### Work instruction
Each line below from the line with "Het perceel waarop" to the line with "2522 Wall Cabinet" must be copied exactly, including those two, and no picture may appear in the copy.

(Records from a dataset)
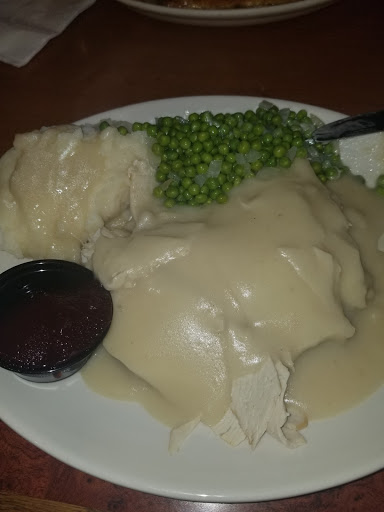 In town for business and was staying at the Days Inn right behind the restaurant , typical extensive diner menu , ordered the chicken pot pie flaky crust , plenty of vegetables , however a toothpick size chicken bone hidden inside , came very close to being lodged in throat , the waitress returned and asked if everything was ok , I showed her the bone and explained what happened and she went to get manager , when he arrived he asked what happened , I explained and he said the reason there was a bone inside is that they use real chicken , and that proves it , I advised him I did not order BONE IN CHICKEN POT PIE! , he asked me what I wanted , I said just bring me check so I can leave , he then offered me ice cream to make up for it ! My advice is to chew your food very carefully here , one star is for nice waitress
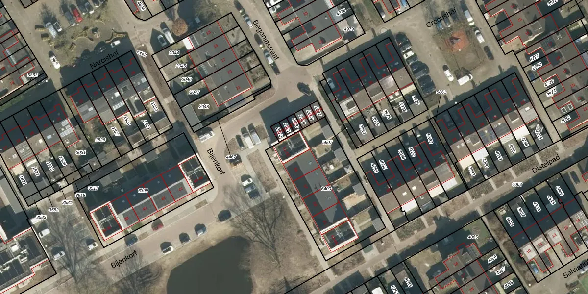 Het perceel waarop Bijenkorf 51 staat heeft een oppervlakte van 1000 m². Dit is een zeer groot perceel. De perceeloppervlakte wordt geregistreerd door het Kadaster. Gedetailleerde informatie over de maten van dit perceel kunt u vinden in het rapport Kadastrale kaart met maatvoering van Bijenkorf 51.
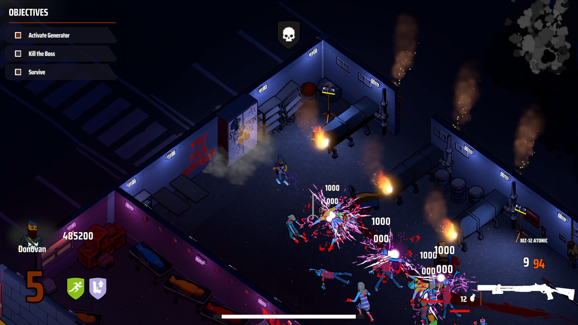 Survive waves of zombies with various heroes, unlocking increasingly powerful weapons in a post-apocalyptic world with escalating difficulty. Gain experience and complete challenges in this third-person bullet hell.
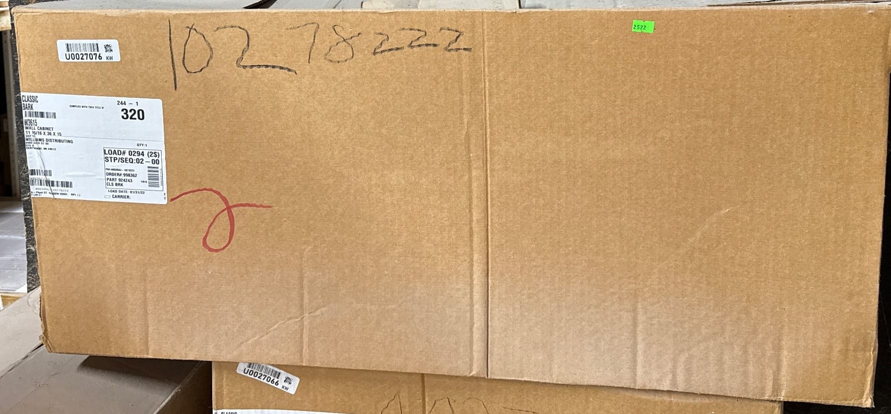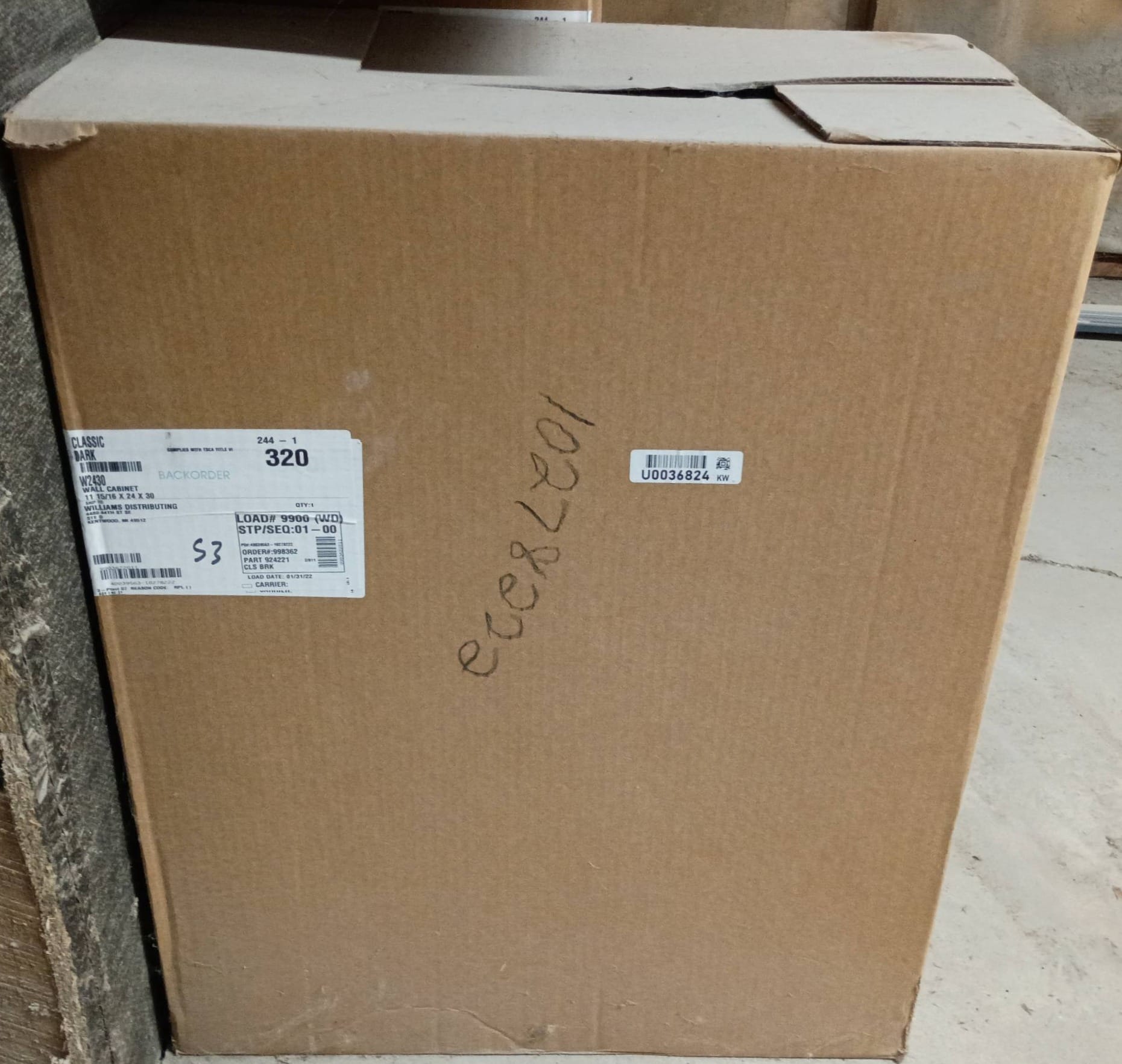 2522 Wall Cabinet in Classic Bark Finish by Williams Distributing, 11 15/16x36x15?
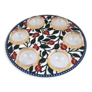 The centerpiece of every Passover Seder is the Seder plate, so what better gift than a delightful Designer Seder Plate from Israel?! Designed by the renowned Israeli designer, Dorit Judaica, this terrific contemporary seder plate is decorated with a magnificent mandala design, incorporating pomegranates leafy branches at the center. Pomegranates are one of the special seven species of the Land of Israel and are a symbol of abundance in Jewish tradition, making this decorative seder plate a wonderful gift for your mom this Passover.

### Task output
 Het perceel waarop Bijenkorf 51 staat heeft een oppervlakte van 1000 m². Dit is een zeer groot perceel. De perceeloppervlakte wordt geregistreerd door het Kadaster. Gedetailleerde informatie over de maten van dit perceel kunt u vinden in het rapport Kadastrale kaart met maatvoering van Bijenkorf 51.
 Survive waves of zombies with various heroes, unlocking increasingly powerful weapons in a post-apocalyptic world with escalating difficulty. Gain experience and complete challenges in this third-person bullet hell.
 2522 Wall Cabinet in Classic Bark Finish by Williams Distributing, 11 15/16x36x15?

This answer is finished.